There is a suspicion that sections of the political right in Spain regard all this World Cup stuff as a dangerous diversion, with any Spanish success threatening their chances of evicting Zapatero at the next election. They probably slept soundly enough last night. Apart from that factor, it seems that some of the same people are upset about the Spanish national team being referred to as "La Roja".
Despite their recent dramatic swing to the left, there are still some capitalist roaders inside the Partido Popular who associate the term "La Roja" with Dolores Ibárruri; more famously known as La Pasionaria. So they are calling for a change of name, although the proposed "La Furia" doesn't really seem to fit with the languid passing game employed by the Spanish players yesterday against Switzerland. It will surprise few readers of this blog to discover that the even more ultra Grupo Intereconomía has also got involved in the debate by insisting on referring to the national team with the far more patriotic "La Rojigualda".

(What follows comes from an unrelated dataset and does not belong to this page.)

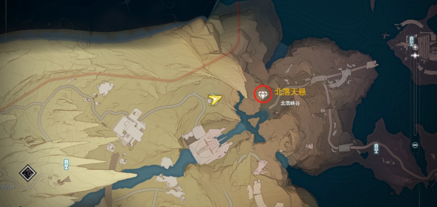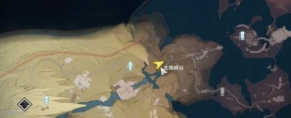 1. 首先傳送到北落峽谷左側的傳送點。該傳送點隱匿在峽谷入口的石崖邊,臨近一條狹窄的道路,參照地圖標記可迅速找到。

Meanwhile the Spanish press has picked up today on the way in which both The Times and The Guardian managed to use the Spanish defeat as an excuse to write about the relationship between goalkeeper Iker Casillas and the TeleCinco journalist Sara Carbonero. The pretext for leading with a nice bit of celebrity gossip was a fairly lame suggestion that the presence of Carbonero in South Africa may have affected the performance of Casillas. That's why they call it the quality press.